Friday, June 15, 2012

Two (retractable) Roofs (and a Third?)





In April of 2012, we executed a small walkway covering at 24 Sunder Nagar. In April 2010 we executed a small outdoor courtyard covering at 540 Khel Gaon. Two projects, with essentially similar briefs, separated by 24 months.

The Outdoor Room (as I like to call it) in Khel Gaon, would arguably be my first built project, and so holds a certain dearness. It was built, with a team of masons, and small-time steel fabricators. The design hinges on two half –vault roofs in tensile fabric – one sliding over the other, and the use of sliding channels -one right way up, and one upside down! It was another experience to make drawings for someone untrained to read drawings that would enable him to fabricate and construct a complicated sequence of production and assemblies in steel, glass, bamboo-mat, stone, and engineered tensile fabric. And a roof  moved with manually operated sliding mechanism.  A kit of available parts, some modified and then assembled.

The Walkway Canopy at 24 Sunder Nagar, is just what its name says – a covering over a walkway. It covers a walkway, 21 feet long, from a gate to a front door, on the southern edge of a garden. This covering too moves, but more like an accordion, the 6 segments of fabric, each riveted to a central spine, (when collected to one side) droop and collapse into a neat little collection hanging below a quiet stainless steel archway.  When stretched, the single cable that holds the covering suspended over the walk almost completely disappears. The covering feels more like a soft green vault –umbrella, floating  gently in a garden.

But what makes the walkway covering a triumph of sorts, is not that it was made, but how it was made**.It isn’t always hard and sweaty and blood- drawing work.

The first time around at Khel Gaon, on a much simpler assembly, it took six weeks of site visits almost every day to get it right. A painful period of directing, convincing, and most of all overcoming the mason’s staunch refusal to do things in ways he had not done before. And a lot of sweat in the April sun.

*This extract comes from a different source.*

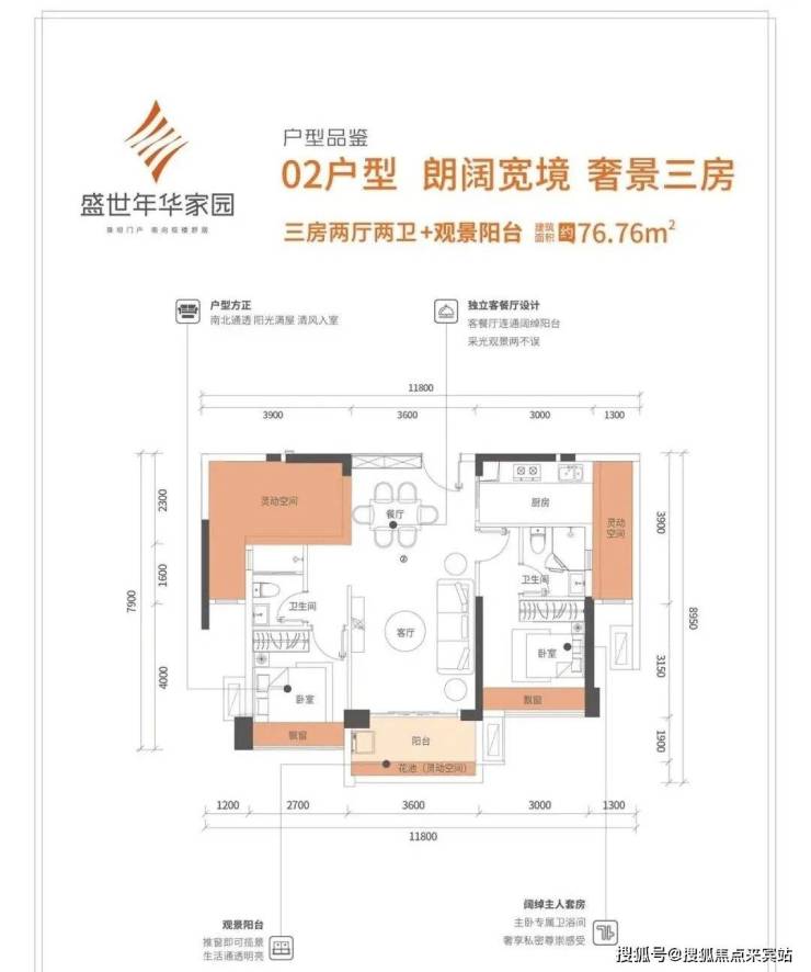 幸福进阶,舒适三房--建面约88㎡三房两厅两卫+观景阳台,郎阔宽境,奢景三房,建面约77㎡三房两厅两卫+观景阳台

The second time around, was a set of drawings, weekly site visits to a small shanty, where things were cut shaped and fabricated. And after 4 weeks of this, a truck loaded. A kit of parts dispatched to site, and assembled there, from scratch to working retractable walkway canopy in 9 hours flat.



That is why it is something you want to write home about. Things can be done, they take a little blood and sweating (the first time around), but they get better with practice. And once you have proved the point, a reluctant mason and doubting fabricator can become willing and keen collaborators to hair-brained, but awfully interesting design interventions. And then, when the opportunity presents itself, you can take the idea even further, (wait till you see our entry to the Jaipur ISBT Competition). Ideas grow!



**Having used the same team on other occasions, post the roof in Khel Gaon, I realized one could get a little more adventurous. Here though it was not out of choice, but necessity. Considering the brief’s explicit requirement for no columns, and as little interference in the garden, the only options was to attach to existing structures, the gate and the house itself. And use a spine between them as the mainstay. Sliding on a cable is an easy enough idea, till you discover a) you do not get grooved pulley wheels in 3 inch diameters, with in built sealed ball-bearings (these were made out of Royal Enfield axle bearings, with steel bushes mounted on them and lathed), b) you do not get assemblies to hang spines from the cable, c) Well I could go on, but the point being, everything, barring the cable, and the turn-buckles, every single component was customized.